Seems you are into the bike cheap enough- you don't always get a chance to buy and this is on a silver platter- personally I would lean in a little deeper on your bid, stretch your comfort zone. (Shoot - I need to encorage bids on MY auctions like this- (I am not connected with the ebay seller in this thread (or elsewhere) in any way.)

Because you will be glad later of all the searching and not finding frustration you missed out on. Newbie mistake is to let it get away and regret later!


----------



## baltimore bill (Jan 2, 2014)

*I hear you*



bike said:


> Howdy
> 
> Seems you are into the bike cheap enough- you don't always get a chance to buy and this is on a silver platter- personally I would lean in a little deeper on your bid, stretch your comfort zone. (Shoot - I need to encorage bids on MY auctions like this- (I am not connected with the ebay seller in this thread (or elsewhere) in any way.)
> 
> Because you will be glad later of all the searching and not finding frustration you missed out on. Newbie mistake is to let it get away and regret later!
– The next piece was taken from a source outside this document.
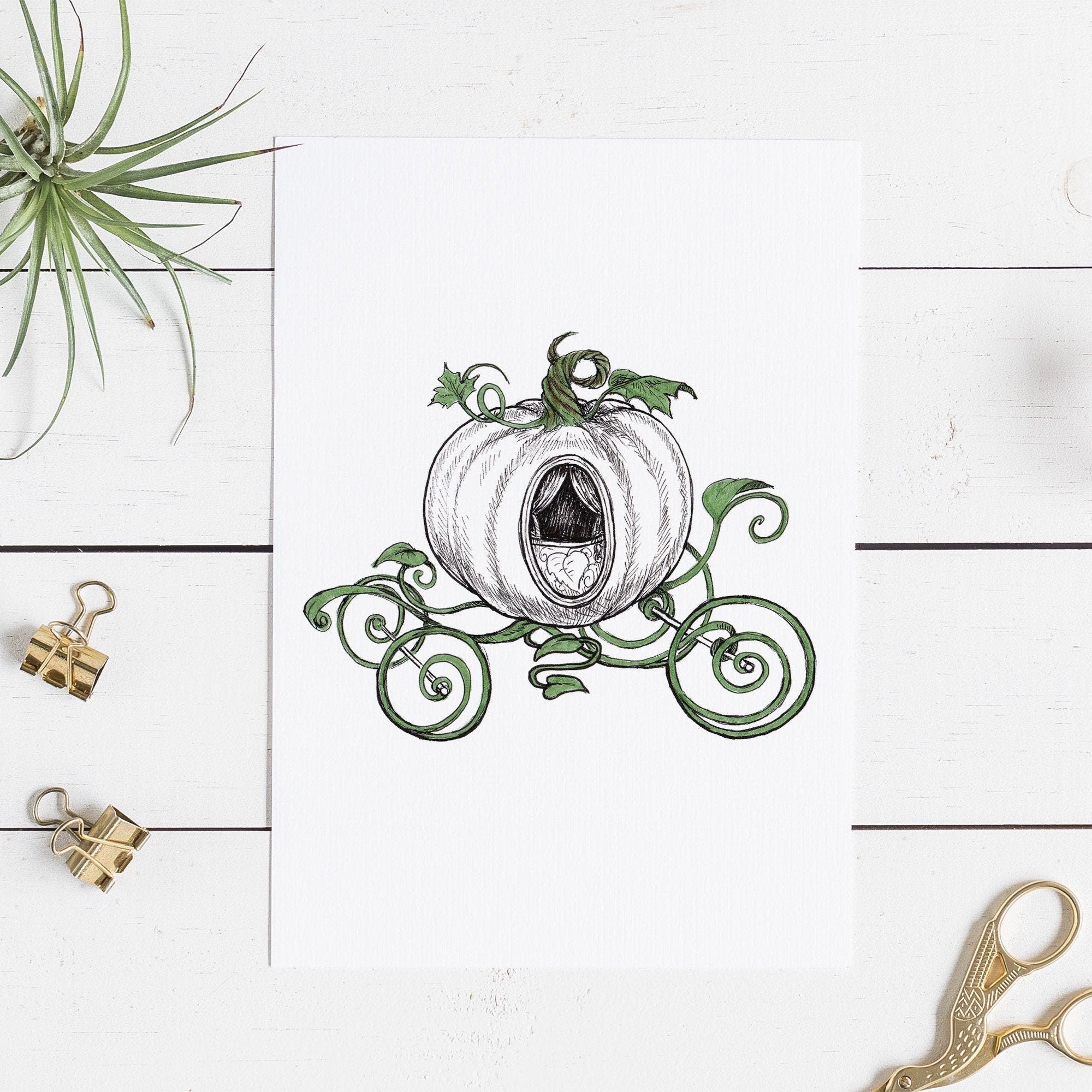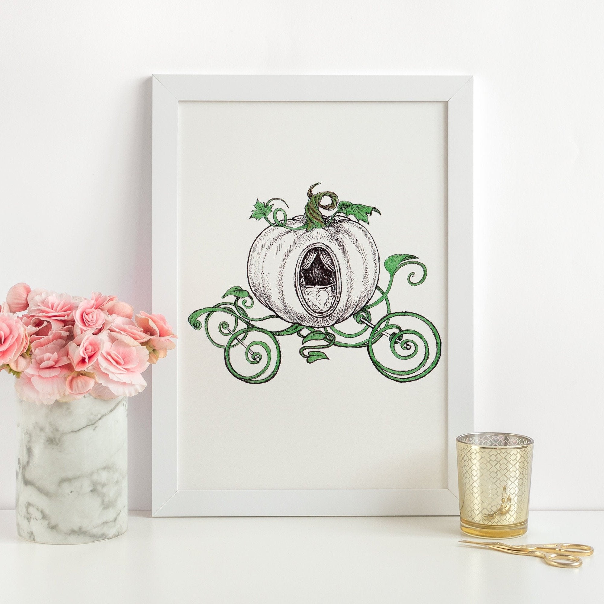Add a touch of Fairy Godmother magic to any room with this whimsical print of Cinderella's pumpkin carriage. Perfect décor for lovers of fairytales, folklore and classic literature. The original artwork was created using ink on watercolor paper.

I will be having that tax refund coming in soon, so I guess there's some room to stretch this a bit.

You're right that we got into this pretty cheaply, but my wife is starting to refer to this as a potential "money sink" after I told her a head light would probably cost more than the bike if I were ever lucky enough to find one.  I keep telling her it's an investment, but I don't think she's buying it.


----------



## bike (Jan 2, 2014)

*The headlight*



baltimore bill said:


> I will be having that tax refund coming in soon, so I guess there's some room to stretch this a bit.
> 
> You're right that we got into this pretty cheaply, but my wife is starting to refer to this as a potential "money sink" after I told her a head light would probably cost more than the bike if I were ever lucky enough to find one.  I keep telling her it's an investment, but I don't think she's buying it.




you can do without - or with- just figure that it is money tied up- you can sell it - instead of money burned like a nice meal out= no resale value!


----------



## scrubbinrims (Jan 2, 2014)

You gotta get that tank dude and fyi, the prewar outie button horn inside the tank is a $40-50 item itself.
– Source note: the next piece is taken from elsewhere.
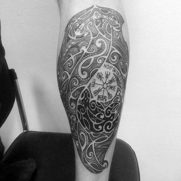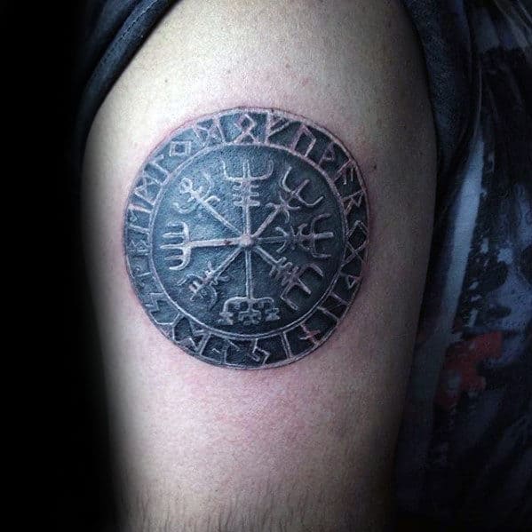 5. Black & Gray Viking Compass Tattoos

If you haven't been to Baynesville Bicycles in Towson, you should...the owner is a long time established bicycle collector and there is some cool pieces in his shop.
And they work on old bikes  a lot and they'll honor/respect what you have and won't steer you to something new if you don't need it.
Chris


----------



## ThegoodThebad&Therusty (Jan 2, 2014)

baltimore bill said:


> I will be having that tax refund coming in soon, so I guess there's some room to stretch this a bit.
> 
> You're right that we got into this pretty cheaply, but my wife is starting to refer to this as a potential "money sink" after I told her a head light would probably cost more than the bike if I were ever lucky enough to find one.  I keep telling her it's an investment, but I don't think she's buying it.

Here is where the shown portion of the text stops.